Jeffrey concentrated on the screen, his right hand glued to the trackmarble. "Proton magnetometer's getting something, Captain. Field lines are bunching up."
"What's the range?" Wilson said.
"From the nearest mass concentration to our probe, four hundred yards."
"Get closer. Make it three."
Jeffrey tapped some keys, increasing the image intensification gain to a factor of 10, 000. Diffuse and point-source bioluminescence, blues and greens stirred up by the torpedo-shaped LMRS, gave him a fuzzy view for a few yards ahead of its nose-mounted charge-coupled eyes. Jeffrey gingerly piloted the probe up off the bottom, inching it closer to the enemy subs, using a dip in the ground for cover.
"Definitely ferrous hulls," he said a minute later, eyeing the magnetometer again.
"Take it to two hundred yards," Wilson said.
"Aye aye, sir," Jeffrey said. "I'll hang a left, see where that fissure goes."
"Sonar," Wilson almost whispered, "anything?"
"Slight flow noises from bottom currents, sir," Sessions said. "Nothing artificial."
"Okay," Wilson said, "they're meeting their hotel load off batteries or fuel cells, and cooling that reactor convectively or just letting it run hot." Jeffrey listened to the conversation as he gently moved the probe. "Ready now," he said.
"Pop up and take a look," Wilson said.
Jeffrey increased the CCD image gain once more, to 50,000 times. As the probe rose slowly, he saw the lip of the fissure moving down the screen.
"Whoa!!" Jeffrey ducked the probe back down, his heart pounding in his throat.
"What was that?" Wilson said.
"A bow dome, sir. Big." Jeffrey ran the replay. "Should we flood tube three?"
"Sonar," Wilson said, "any reaction?"
"Negative, sir," Sessions said. "No sign they know we're here."

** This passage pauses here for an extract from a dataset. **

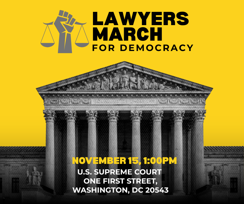 That’s why, on November 15, 2025, at 1:00 PM ET, outside the U.S. Supreme Court, lawyers, law students, jurists, and allies will stand up and speak out at the Lawyers March for Democracy. We will use our voices and our expertise to uphold our commitment to the Constitution and our rule of law.

"Should we flood tube three?"
"Negative," Wilson snapped. "They'll hear it. We have to back off first to fire anyway."
"Captain," COB interrupted, "that sub's not showing on the gravimeter at all."
"Or the probe's not where it should be," Jeffrey said. He checked his screens and enunciators. "Negative on a guidance flaw. Position overlay matches with dead reckoning." Again he brought the probe up. "Captain, look at this … a gigantic crack in the fiberglass."

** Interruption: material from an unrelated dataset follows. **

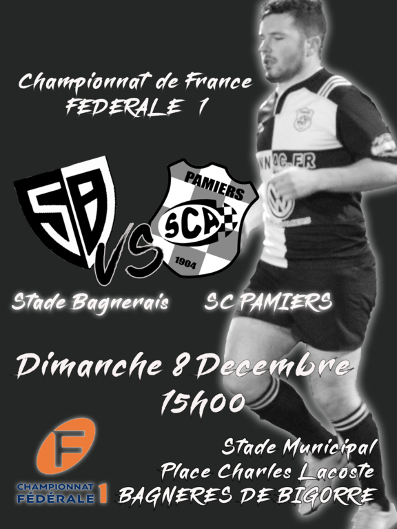 Où ? Stade municipal à Bagnères-de-Bigorre. Quand ? Dimanche à 15 heures. Arbitre de champ : M. Ludovic Sacarot. Juges de touche : MM. Hugo Lavigne et Stéphane Ducos. Représentant fédéral : M. Pierre Desclaux. Superviseur fédéral : M. Marc Daroque.

The probe rose over the top of the enemy sonar dome. "It's just the cap," Jeffrey said. "There's nothing behind it." Wilson sputtered. "We found a goddamn wreck."

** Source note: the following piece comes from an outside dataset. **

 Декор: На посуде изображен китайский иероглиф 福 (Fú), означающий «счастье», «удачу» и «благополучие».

"A fresh one, sir," Jeffrey said. "No growths yet, and hardly any sea snow."
"All right," Wilson said. "Check out that middle contact now."
"Aye aye, sir," Jeffrey said. "I'll be careful — a wreck's the perfect spot to hide an ambush."
"Sonar," Wilson said, "what's happening?"
"No change, Captain."
Jeffrey moved the probe. "Something here." The murky picture showed a twisted, fractured, splintered mass.
"That used to be the sail," Wilson said. "See? There's the mounting for the port-side fairwater plane … What's left of it."
"I'll go around," Jeffrey said. Suddenly ahead of the probe there loomed another mass, a huge one. "The reactor compartment," he said.
"Get closer," Wilson said. "Switch to active line scan. Lowest emitter power." The picture changed, no longer an eerie natural glow. Now it was much sharper, more detailed. Jeffrey could see tattered steel, wires, and cables waving in the current. He saw a small dogged hatch in the middle of a bulkhead, next to broken pipes.
"The forward accessway," he said, "into the reactor tunnel." He brought the probe in closer, already suspecting. He could see the writing now, fragments of the safety warnings posted near the access door. "It's one of ours, sir," Jeffrey said. "Early Los Angeles class. Unimproved 688, pre-751 hull number."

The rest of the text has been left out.